**PROVIDED ENTRIES**:
------------
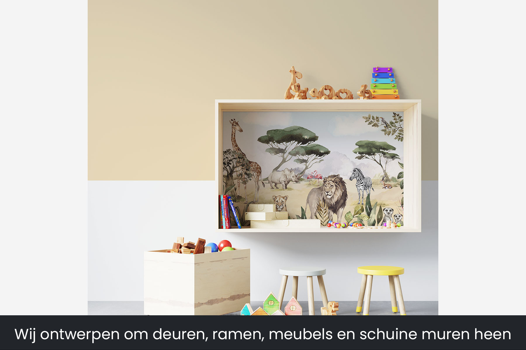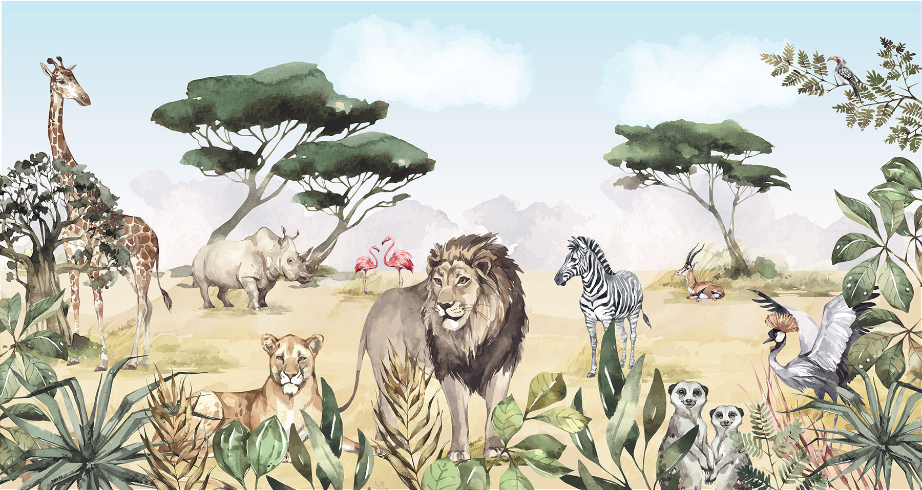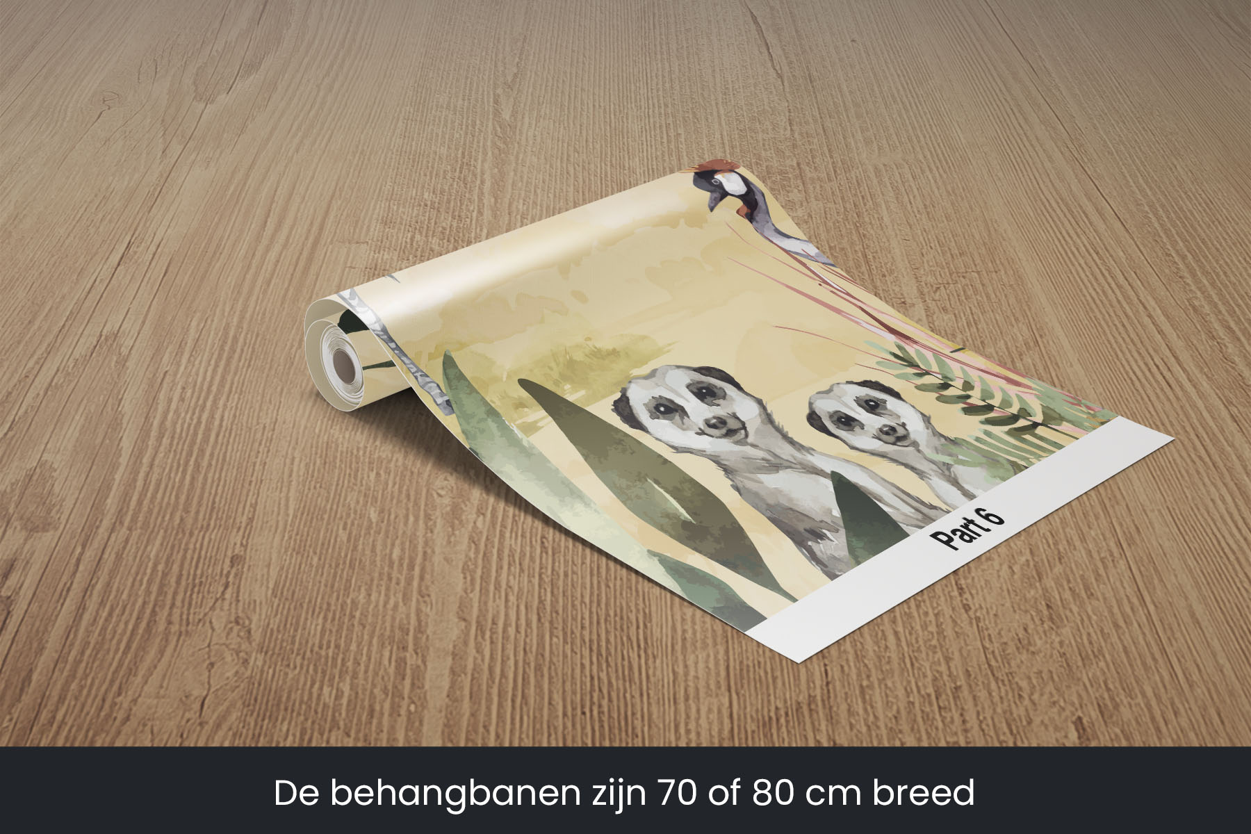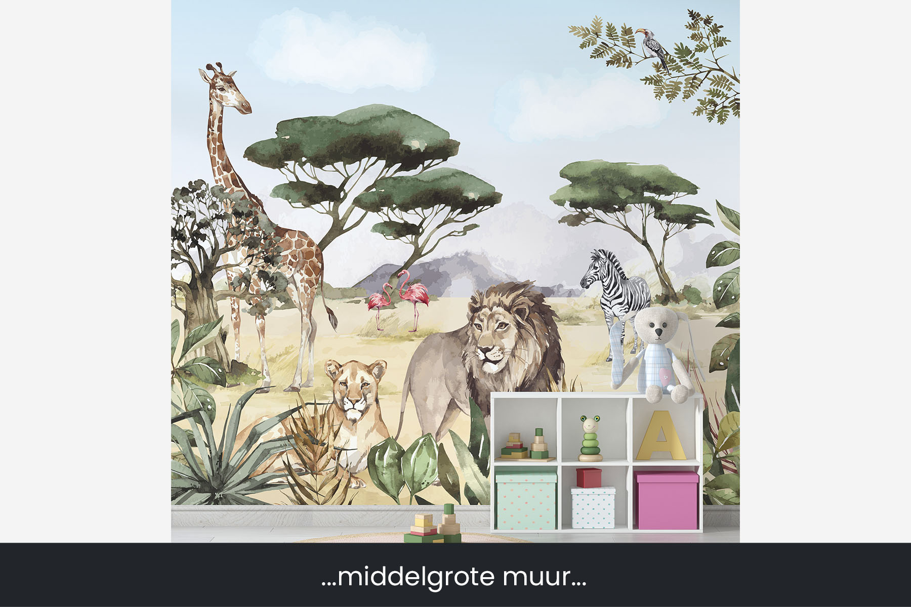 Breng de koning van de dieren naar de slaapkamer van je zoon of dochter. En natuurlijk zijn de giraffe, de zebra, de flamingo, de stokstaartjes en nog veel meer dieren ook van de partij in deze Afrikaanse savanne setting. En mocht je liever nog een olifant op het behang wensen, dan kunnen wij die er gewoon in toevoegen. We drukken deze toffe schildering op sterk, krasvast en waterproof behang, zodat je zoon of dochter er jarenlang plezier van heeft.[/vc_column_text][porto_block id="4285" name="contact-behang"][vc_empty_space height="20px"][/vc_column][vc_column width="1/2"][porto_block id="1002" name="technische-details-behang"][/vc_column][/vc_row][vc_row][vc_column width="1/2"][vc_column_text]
------------
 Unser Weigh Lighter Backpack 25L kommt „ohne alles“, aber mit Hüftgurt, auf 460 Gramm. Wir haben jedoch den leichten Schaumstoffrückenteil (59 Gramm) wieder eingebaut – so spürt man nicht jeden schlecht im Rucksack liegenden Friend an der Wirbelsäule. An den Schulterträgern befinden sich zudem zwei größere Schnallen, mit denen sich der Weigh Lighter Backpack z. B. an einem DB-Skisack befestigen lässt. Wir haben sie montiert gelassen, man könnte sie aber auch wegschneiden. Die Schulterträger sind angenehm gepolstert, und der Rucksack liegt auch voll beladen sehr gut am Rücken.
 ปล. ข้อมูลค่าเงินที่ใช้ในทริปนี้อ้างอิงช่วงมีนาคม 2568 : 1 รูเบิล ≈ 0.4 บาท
------------
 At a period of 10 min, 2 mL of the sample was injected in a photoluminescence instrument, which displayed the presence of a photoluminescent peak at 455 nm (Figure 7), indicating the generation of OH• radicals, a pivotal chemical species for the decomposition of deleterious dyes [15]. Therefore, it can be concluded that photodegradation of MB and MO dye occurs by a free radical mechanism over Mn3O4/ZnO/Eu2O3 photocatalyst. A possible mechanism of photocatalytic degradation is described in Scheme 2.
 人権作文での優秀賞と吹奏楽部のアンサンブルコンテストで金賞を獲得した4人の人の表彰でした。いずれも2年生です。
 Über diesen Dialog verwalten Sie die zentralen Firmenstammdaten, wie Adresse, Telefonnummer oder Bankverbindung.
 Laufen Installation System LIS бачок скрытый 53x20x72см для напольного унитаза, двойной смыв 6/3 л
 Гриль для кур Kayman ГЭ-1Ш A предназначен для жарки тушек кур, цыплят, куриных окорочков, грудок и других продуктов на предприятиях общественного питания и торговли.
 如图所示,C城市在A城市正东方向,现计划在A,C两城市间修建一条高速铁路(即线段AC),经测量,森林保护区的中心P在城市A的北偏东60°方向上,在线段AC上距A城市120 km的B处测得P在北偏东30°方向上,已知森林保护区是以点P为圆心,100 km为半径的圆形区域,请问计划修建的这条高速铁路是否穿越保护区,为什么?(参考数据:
------------
**EXERCISE DESCRIPTION**:
The line above containing "人権作文での優秀賞と吹奏楽部", the line containing "Гриль для кур", and every line between them are to be transcribed exactly; no other line is wanted.

**RESULT FOR THIS EXERCISE**:
 人権作文での優秀賞と吹奏楽部のアンサンブルコンテストで金賞を獲得した4人の人の表彰でした。いずれも2年生です。
 Über diesen Dialog verwalten Sie die zentralen Firmenstammdaten, wie Adresse, Telefonnummer oder Bankverbindung.
 Laufen Installation System LIS бачок скрытый 53x20x72см для напольного унитаза, двойной смыв 6/3 л
 Гриль для кур Kayman ГЭ-1Ш A предназначен для жарки тушек кур, цыплят, куриных окорочков, грудок и других продуктов на предприятиях общественного питания и торговли.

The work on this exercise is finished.